WORK on the controversial new road that cuts through Bukit Brown cemetery will start as early as the beginning of next year after the affected graves are exhumed.

The Land Transport Authority (LTA) said yesterday that it had awarded a tender to local contractor Swee Hong to build the dual four-lane road at a cost of $134.7 million.

The estimated 2km stretch, which will link the MacRitchie Viaduct to the Adam Flyover, is meant to ease peak-hour congestion on Lornie Road and the Pan-Island Expressway.

The road is expected to be completed by the end of 2017, a year after its initial 2016 projection.

The LTA also said that 4,153 of the 100,000 graves at Bukit Brown will be exhumed from the fourth quarter of this year, a deadline which was pushed back from April.

It has already received 1,263 claims for graves, while the rest that would be affected by the new road or are in its vicinity, have been documented by a committee led by anthropologist Hui Yew-Foong.

He will next lead a 10-man team to follow families that are exhuming their ancestral graves.

When contacted yesterday, Dr Hui, who is with the Institute of Southeast Asian Studies and the appointed documentarian of Bukit Brown cemetery, said: "We want to record the rituals or ceremonies that are conducted before the exhumation so that we can preserve the memories, heritage and traditions."
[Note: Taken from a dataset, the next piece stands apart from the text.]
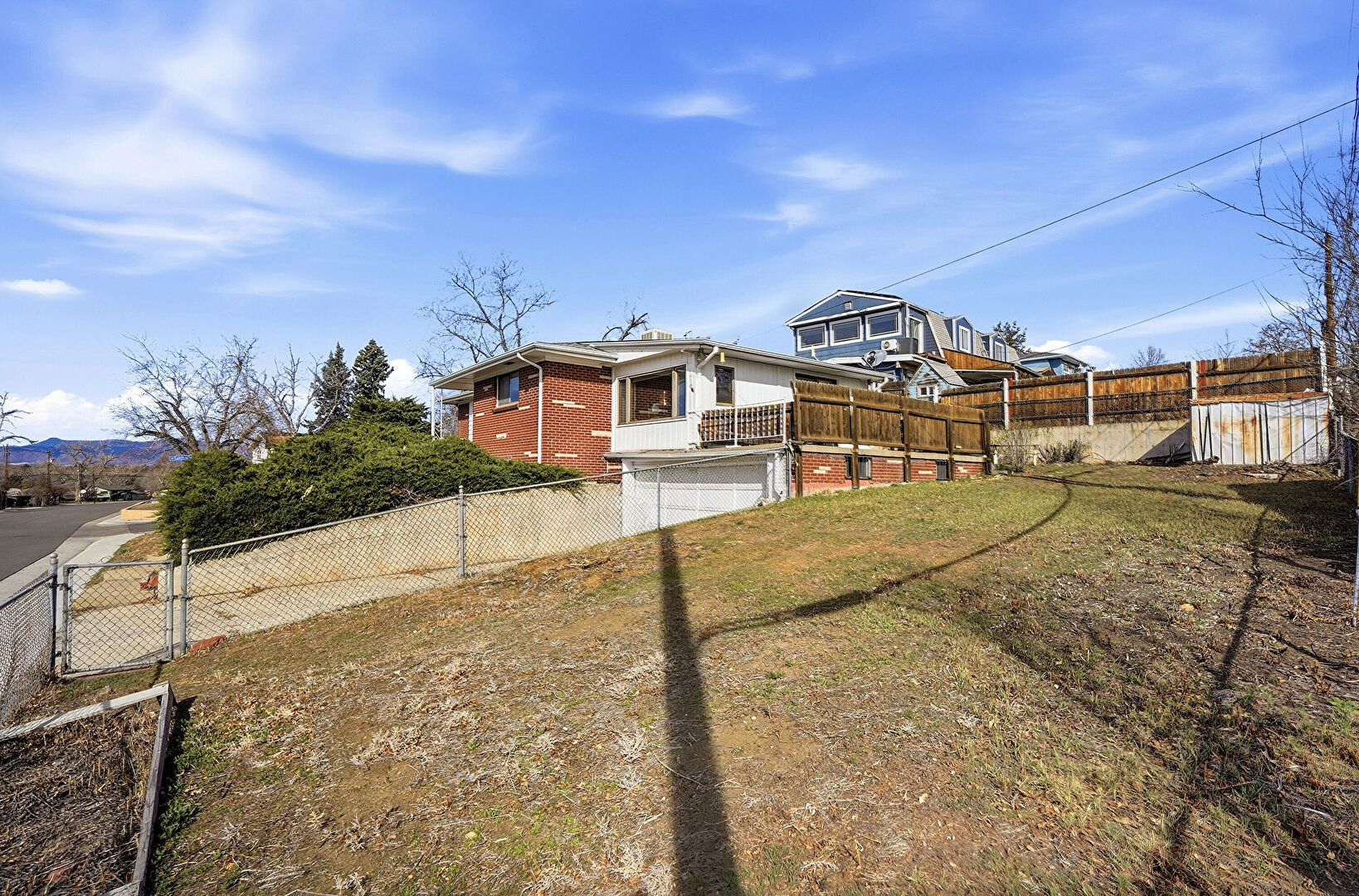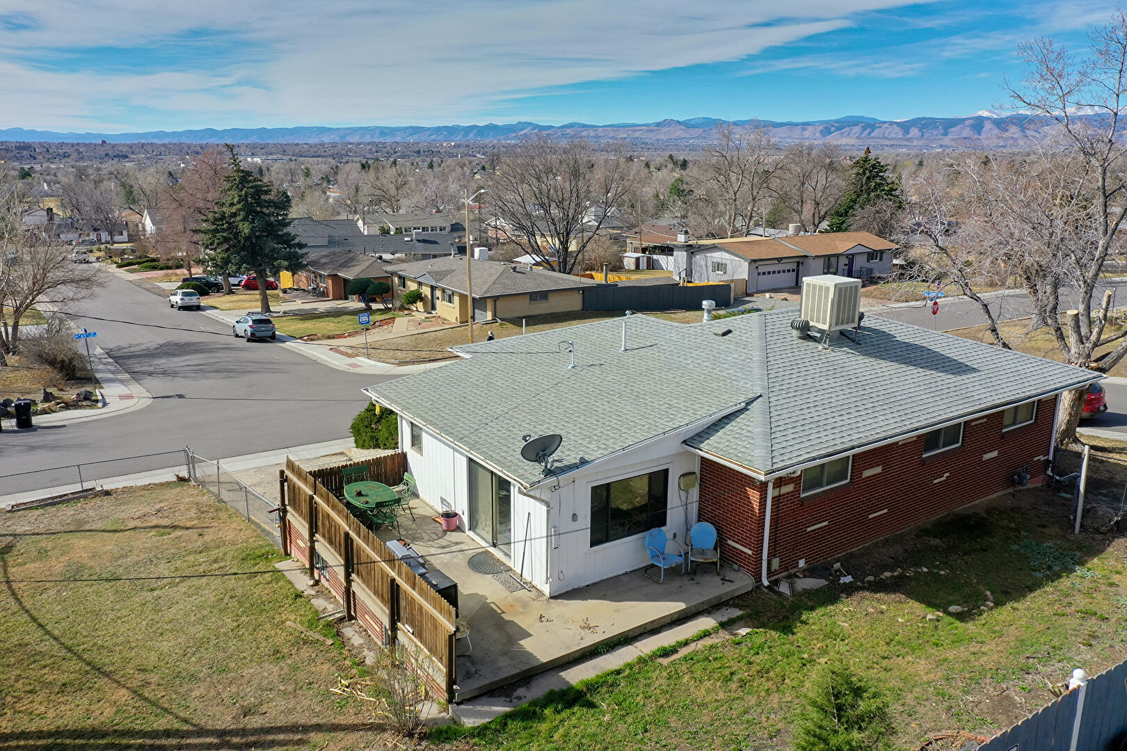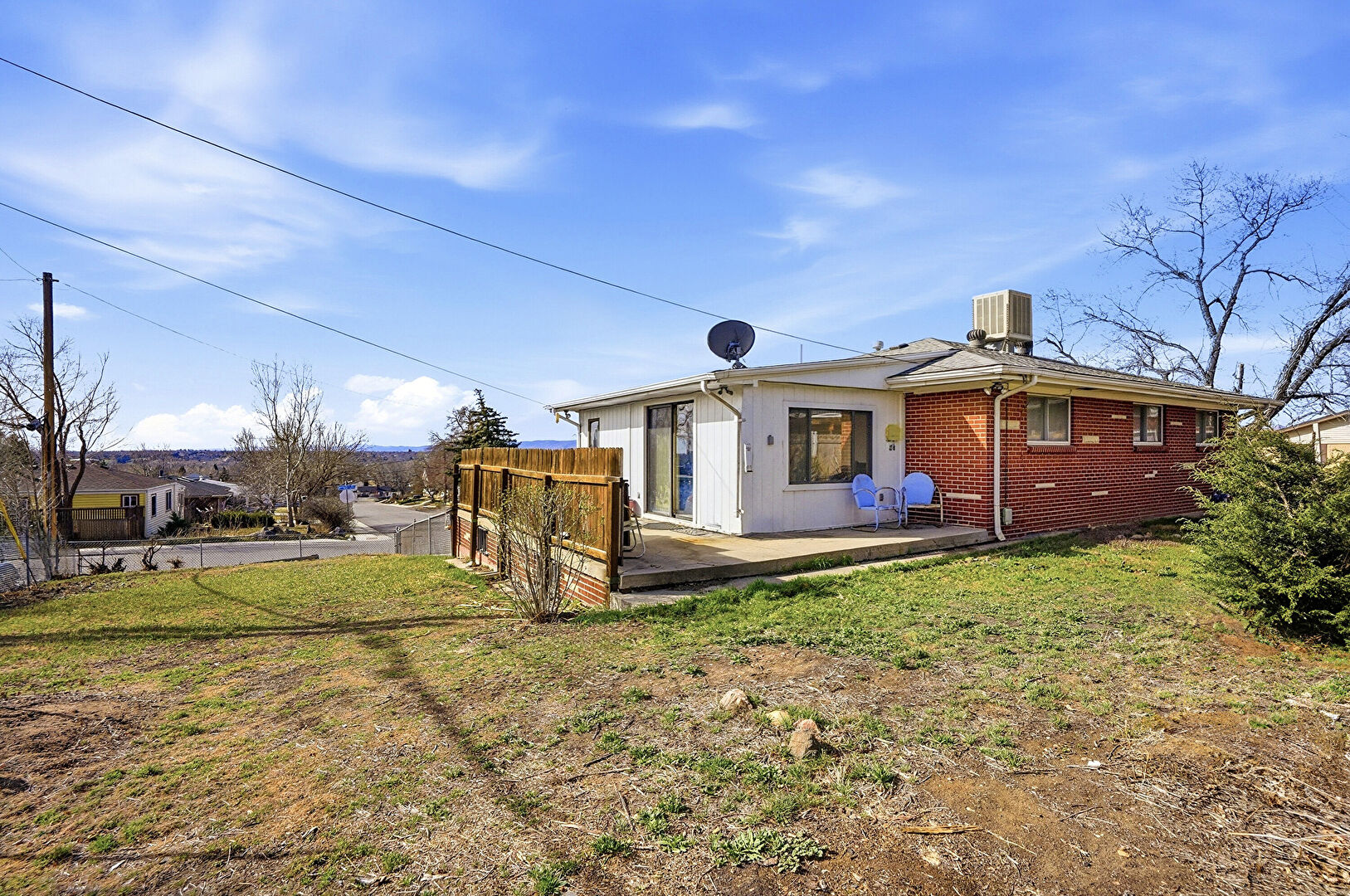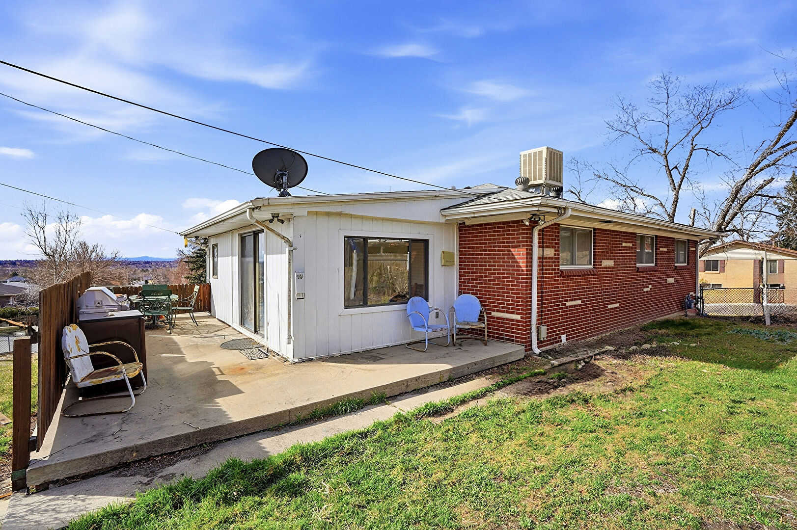 Brick Siding, Central Ac, Deck, Downspout, Fence, Gutters, Lawn, Patio, Satellite Dish, Vertical Siding, Downspout, Fence

He and his team are also looking to record all artefacts that may be unearthed, like jewellery, bangles or miniature pots.

Construction of the road was first announced in 2011, sparking an intense debate between heritage and nature groups and the Government.

Instead of laying a road flat on the ground through the cemetery, the LTA has already agreed to build a 600m-long bridge to allow wildlife to cross beneath the carriageway.

Dr Chua Ai Lin, vice-president of the Singapore Heritage Society, believes the Government has "done all it can" to reduce the impact of the new road on wildlife and heritage sites.

She also commended the authorities for giving families and researchers more time to document the graves.

She added: "But there were alternatives that were not relooked and that was a missed opportunity for us to prevent irreversible impact on the environment and heritage."